Avrupa'da, İkinci Dünya Savaşı'nın ardından yaşanan en büyük insanlık trajedisi olarak kabul edilen Srebrenitsa soykırımının 20'inci yıl dönümü dolayısıyla, başkent Saraybosna'da "Bosna Hersek'teki soykırımın araştırılması, belgelendirilmesi ve soykırımı işleyenlerin yargılanması" konulu konferans düzenlendi.
Soykırım Kurbanları ve Tanıkları Derneği ile Srebrenitsa ve Jepa Anneleri Derneği'nin işbirliğiyle düzenlenen konferansa, Lahey'deki Eski Yugoslavya Uluslararası Ceza Mahkemesi (ICTY) Başkanı Theodor Meron, ICTY Başsavcısı Serge Brammertz, AB Bosna Hersek Yüksek Temsilcisi Valentin Inzko, Türkiye'nin Saraybosna Büyükelçisi Cihad Erginay, ABD'nin Saraybosna Büyükelçisi Maureen Cormack, Bosna Hersek Reis-ul Uleması Husein Kavazoviç ile çok sayıda davetli katıldı.
Srebrenitsa ve Jepa Anneleri Derneği Başkanı Munira Subaşiç, burada yaptığı konuşmada, soykırım kurban yakınlarının acılarının 20 yıldır sürdüğünü, yaralarının hala taze olduğunu söyledi.

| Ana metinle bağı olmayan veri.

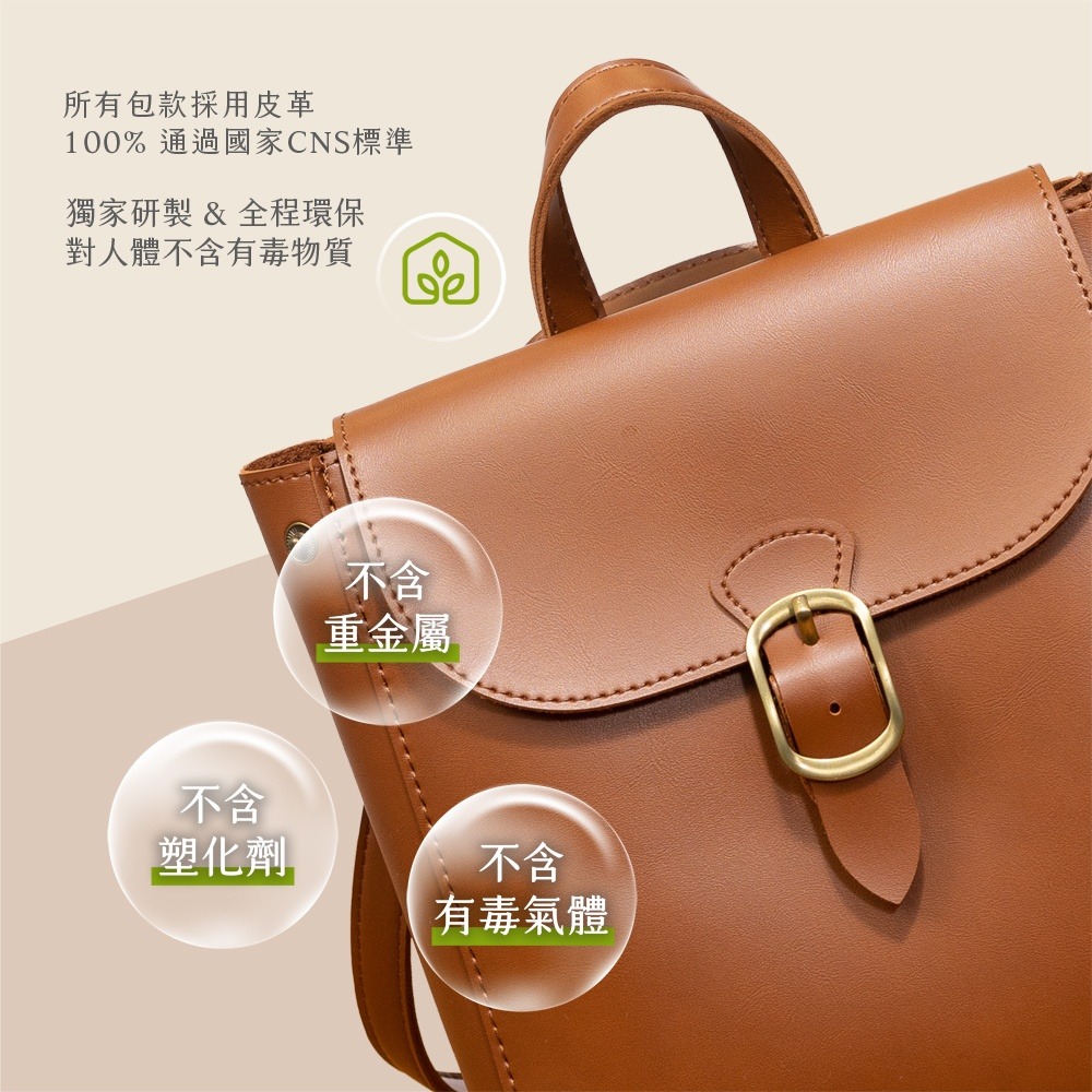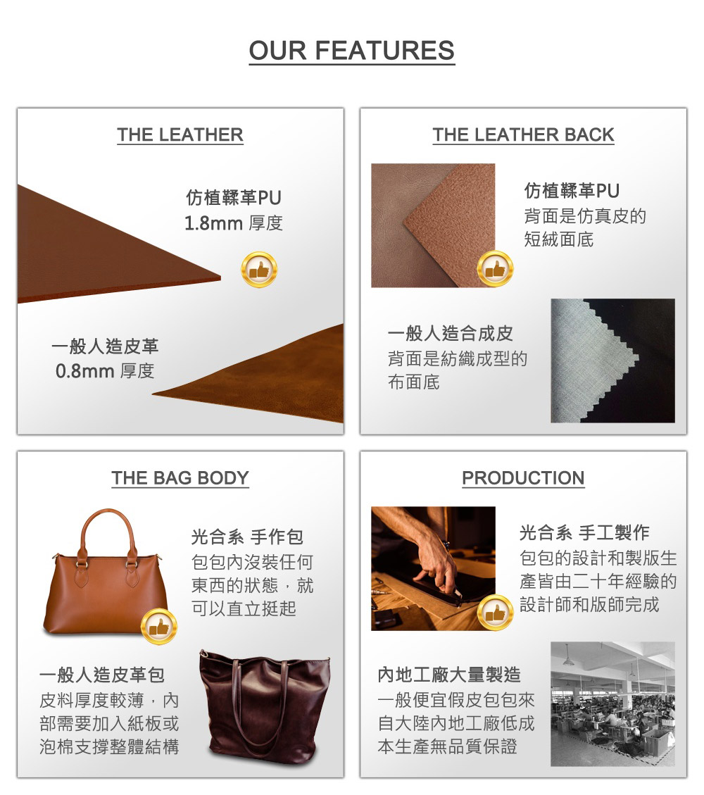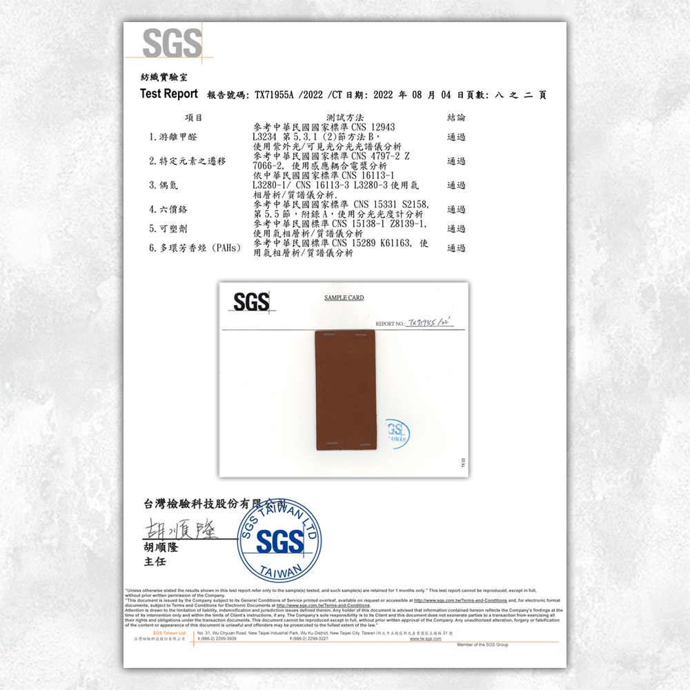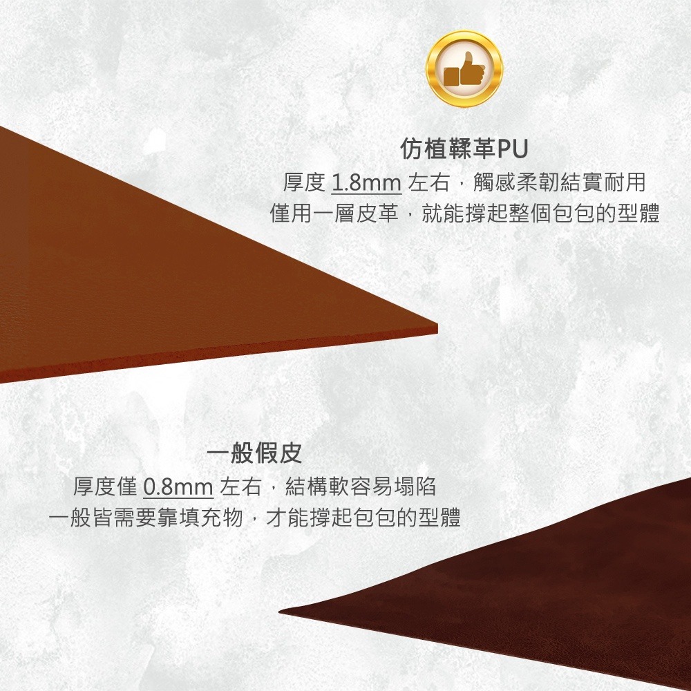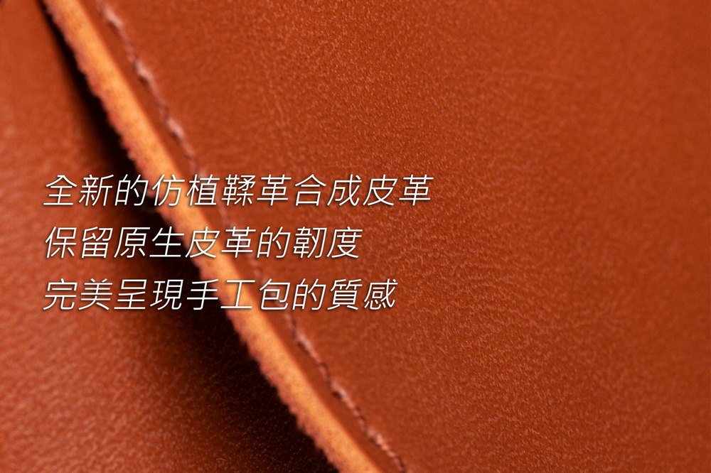 通過CNS國家環保標準,皮革厚度相當於一般PU兩倍的厚度。表面植鞣革手感,防潑水,質地柔韌且耐用,沒有一般假皮會產生的刺鼻塑膠味道。
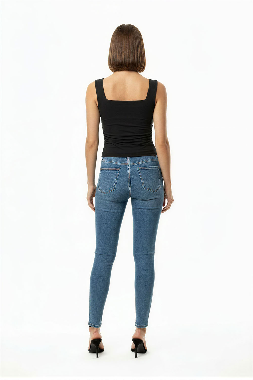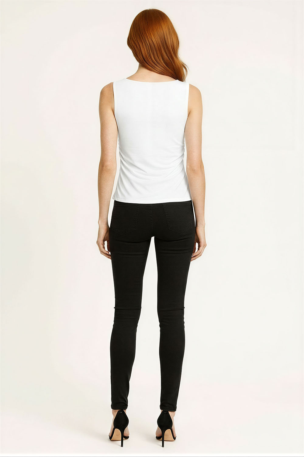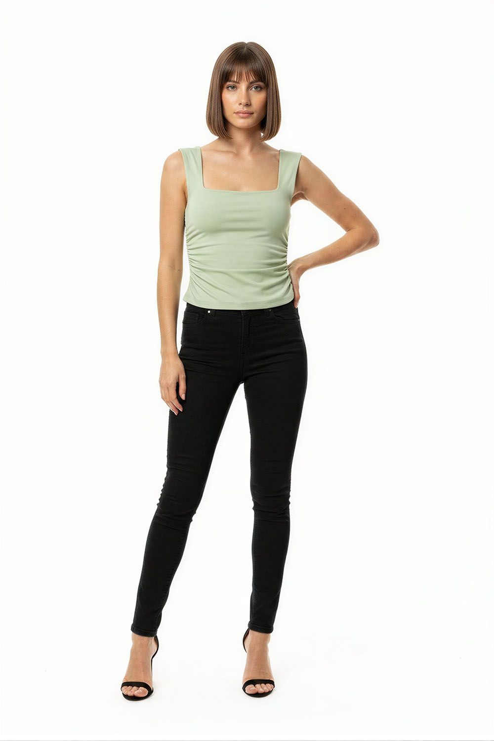 Playera sin mangas con escote recto y tirantes anchos que brindan soporte, corte recto con ajuste ligero que favorece la comodidad, confección en tejido elástico que permite libertad de movimiento, diseño limpio ideal para uso diario

Hak ve adaletin sadece güçlülerin değil, her insanın ulaşılabileceği bir hak olduğunu göstermek amacıyla bu konferansı düzenlediklerini anlatan Subaşiç, savaş suçu işleyenlerin asla rahat bir şekilde uyumayacaklarını, bu toplantıya önemli kurumların başındakilerin katılması, onların hala kurbanların yanında olduğu anlamına geldiğini vurguladı.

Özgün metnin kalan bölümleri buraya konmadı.